O que há em ti?
Responda rápido a si mesmo: o que há em ti?
Todos estão abismados e chocados com o último acontecimento no Hait. Em todos os jornais, programas de tevê, revistas, não se fala mais de nada. Nada chama mais atenção do que o terremoto que vitimou milhares de pessoas e praticamente destruiu Porto Príncipe, a capital do Haiti.
Mas, retome meu raciocínio e responda a si mesmo, de coração: o que há em ti?
Quantos minutos dura esse choque? Quanto tempo você demora para perceber o quanto Deus é bondoso contigo, o quanto o mundo lá fora é algoz e o quanto a vida é curta e frágil?
Quanto tempo por dia você se dedica ao próximo, a só pensar e fazer coisas boas? Você ajuda os outros? Você se ajuda?

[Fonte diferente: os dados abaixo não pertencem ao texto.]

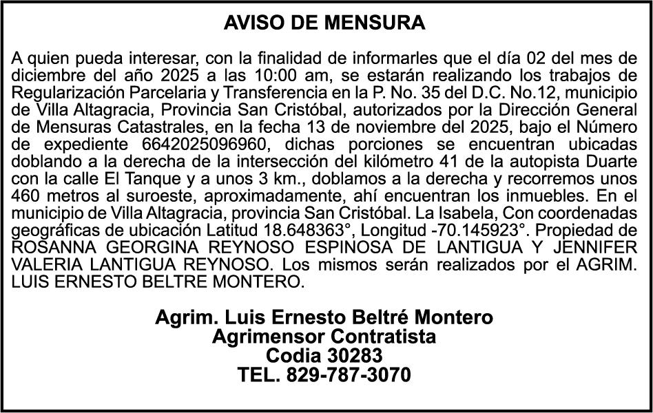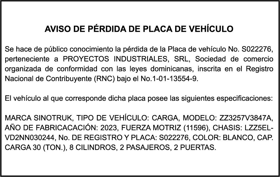 PERDIDA DE MATRICULA Veh. Carga FREIGTHLINER, modelo M2 106, Color verde, Año 2015, placa L530338, Chasis 3ALACXDT9FDGM4077, a nombre de VICTOR MANUEL RAMIREZ BELTRE. PERDIDA DE PLACA No. L522191, Veh. Carga CHEVROLET, mdoelo SILVERADO 1500 LT 4X4, color blanco, año 2020, chasis 3GCUYDET4LG263760, a nombre de EVELYN NAYALEN RODRIGUEZ ENCARNACION, Ced. 001-1835119-6.

O Haiti está ao seu lado. Às vezes o Haiti está dentro de nós. Dentro do nosso coração, dentro da nossa mente.
Caetano já havia cantado sobre o Haiti há muitos anos, talvez eu esteja apenas parafraseando a letra da canção que ele majestosamente escreveu. Em certos momentos da melodia e, principalmente no refrão, ele diz que "o Haiti não é aqui, o Haiti é aqui". Os apelos que ouvimos e lemos durante toda a música ao mesmo tempo nos acalenta, de vivermos em um país que, apesar das dificuldades, ainda está muito bem, obrigado, mas ao mesmo tempo nos chama a atenção para isto; que o Haiti é apenas um retrato frágil e sofrido da nossa própria existência.

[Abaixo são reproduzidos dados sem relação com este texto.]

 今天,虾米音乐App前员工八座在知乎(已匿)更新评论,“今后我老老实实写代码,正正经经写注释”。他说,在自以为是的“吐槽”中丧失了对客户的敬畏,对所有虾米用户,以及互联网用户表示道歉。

Enquanto muitos de nós apenas pensa no próprio umbigo, se preocupa apenas com o próprio nariz, se lamenta de não ter conquistado isso ou aquilo ou se intriga de vizinhos, parentes, termina namoros por bobagens, diz que o pão dormido está duro, que o queijo está perdendo a validade, que a água do chuveiro elétrico está com um cheiro estranho e que apareceu uma pequena mancha na pontinha da sua unha do seu dedo do pé... muitos passam fome, estão morando em condições subumanas e não tem sequer as mínimas condições de saúde para buscar um trabalho ou até mesmo o que dar de comer aos filhos. Espere, não estou me referindo ao Haiti, estou me referindo àquela favela vizinha à sua casa, aquele conglomerado de barracos que "destroe" e polui a "beleza" da nossa, da sua cidade. Estou me referindo àquele garoto de seis anos, pé no chão e sem camisa, que está ao lado do seu carro do ano, financiado, mas você tem dinheiro para as parcelas, e que quer apenas alguns trocados para poder chegar em casa com algum dinheiro e não apanhar mais uma vez do pai alcoolatra e da mãe drogada. Me refiro aos que dormem na rua, aos que deitam na calçada do seu prédio, onde você paga um horror de condomínio e todo mês tem bate-boca com a síndica. Me refiro ao adolescente que furtou ou roubou o seu celular de R$ 200,00 e você ainda está pagando as parcelas do mesmo, o que te faz sentir ódio daquele moleque toda vez que recebe a fatura do cartão de crédito. Ele vendeu o seu celular por R$ 50,00 ou trocou por pedras de crack, literalmente o seu celular virou fumaça.
Enquanto escrevo esse texto, enquanto milhões de pessoas passam fome, enquanto pais de família não tem o que dar de comer aos seus filhos, enquanto milhares lutam debaixo do que restou de Porto Príncipe, enquanto dezenas de jogadores de futebol estão engordando sua conta bancária às custas de patrocinadores medíocres que são bancados por nós, consumidores, enquanto nossos políticos discutem quem coloca o filho de quem em qual cargo comissionado e acha pouco a remuneração de vinte salários mínimos mensais, enquanto alguns compram um meião de futebol, pois a meia social é pequena para esconder maços de cinquenta e de cem Reais, enquanto isso, mais uma vítima do nosso descaso cultural e social nasce em alguma maternidade em algum subúrbio, em alguma periferia. E não é culpa minha, não é culpa sua, provavelmente a culpa é dele. Enquanto a gente perde tempo fazendo e se preocupando com tanta coisa, enquanto a gente acha que não dá para a gente resolver, tudo isso vai acontecendo debaixo do nosso nariz e a única coisa que a gente faz de forma célere e eficiente é apertar o nariz para não sentir o fedor.
Como diz Caetano..."Pense no Haiti, reze pelo Haiti".
O Haiti não está tão longe assim. E o que o terremoto causou foi apenas jogar para debaixo da poeira um problema que a humanidade certamente não está nem de perto interessada em resolver.